Menurut Maruarar, penggunaan dana APBN untuk IMF harus meminta persetujuan dari DPR RI terlebih dahulu. Karena itu DPR akan menolak peminjaman itu. “Prioritas utama pemerintah harus membenahi kesejahteraan rakyat Indonesia dibandingkan memberikan pinjaman kepada IMF,” ungkapnya.

Ditempat terpisah, Menteri Keuangan Agus Martowardojo mengatakan, dana pinjaman dari Indonesia ke IMF berbentuk pembelian surat kewajiban. Dengan begitu, penempatan dana tersebut pun akan menghasilkan bunga. "Yang lain, yang juga musti dijadikan rujukan adalah, bahwa kalau ada penempatan dana itu nanti menghasilkan bunga," katanya di Gedung DPR, Selasa (10/7)
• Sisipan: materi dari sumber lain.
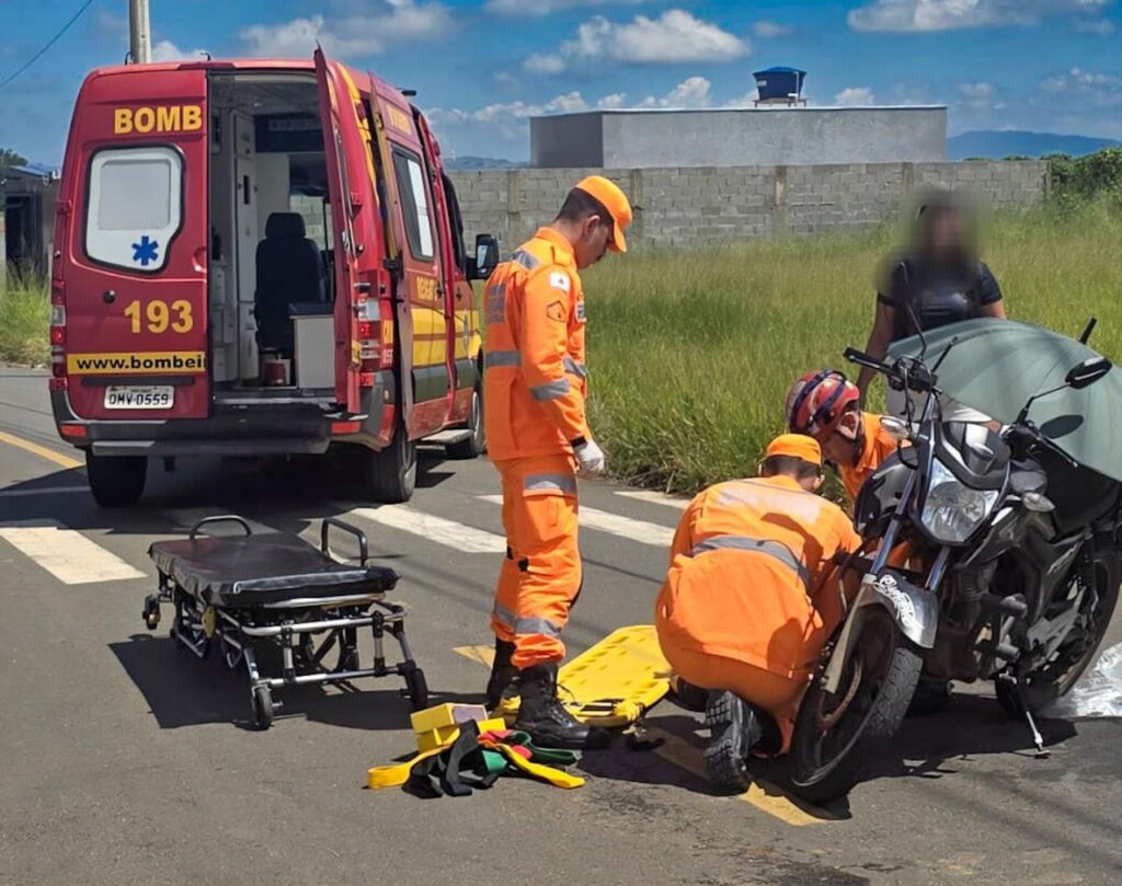 Rapidamente acionadas, as equipes de resgate do Corpo de Bombeiros prestaram os primeiros atendimentos à vítima ainda no local do acidente. Durante a avaliação inicial, os militares constataram que o motociclista apresentava escoriações nos joelhos e relatava fortes dores na região lombar, indicando possível comprometimento na coluna.

Mantan Dirut Bank Mandiri ini menambahkan dana pinjaman sekitar US$1 miliar akan digunakan sebagai baris pertahanan kedua oleh IMF (second line of defense). Dana itu ditempatkan di IMF dengan wujud pembelian surat kewajiban. "Ini tidak ada hubungannya dengan devisa kita menurun adalah seperti menempatkan dana di bank-bank, surat utang, atau di surat utang IMF. Jadi, tidak akan berdampak pada devisa kita," tuturnya

Dengan begitu, kata Agus, dana tersebut masih ada di Indonesia sebagai bagian dari cadangan devisa. Berbentuk pembelian surat kewajiban, maka pendanaan pun akan menghasilkan bunga. "Yang sekarang ini, kalau kita menempatkan uang di posisi yang ada di Bank Indonesia, cadangan devisanya bisa dikatakan tidak menghasilkan bunga," imbuhnya

Bantahan yang sama juga dikatakan Gubernur Bank Indonesia Darmin Nasution mengatakan pihaknya akan membeli surat berharga IMF sebagai kontribusi Indonesia memperkuat pendanaan lembaga tersebut dalam mengatasi krisis. "Kami akan membeli surat berharga IMF sehingga kami pegang. BI ini yang melakukan, bukan pemerintah," ungkapnya

Darmin mengungkapkan, dana tersebut akan menjadi dana kontingensi atasi krisis IMF dan penempatannya tetap diperhitungkan sebagai cadangan devisa milik Indonesia. "Kami tetap memegang nilai itu dalam bentuk surat berharga dan itu tetap berlaku sebagai cadangan devisa kita. Jadi bukannya kami pinjamkan uang, lalu habis. Uangnya itu juga hanya akan digunakan sebagai 'second line' bagi IMF, " ucapnya.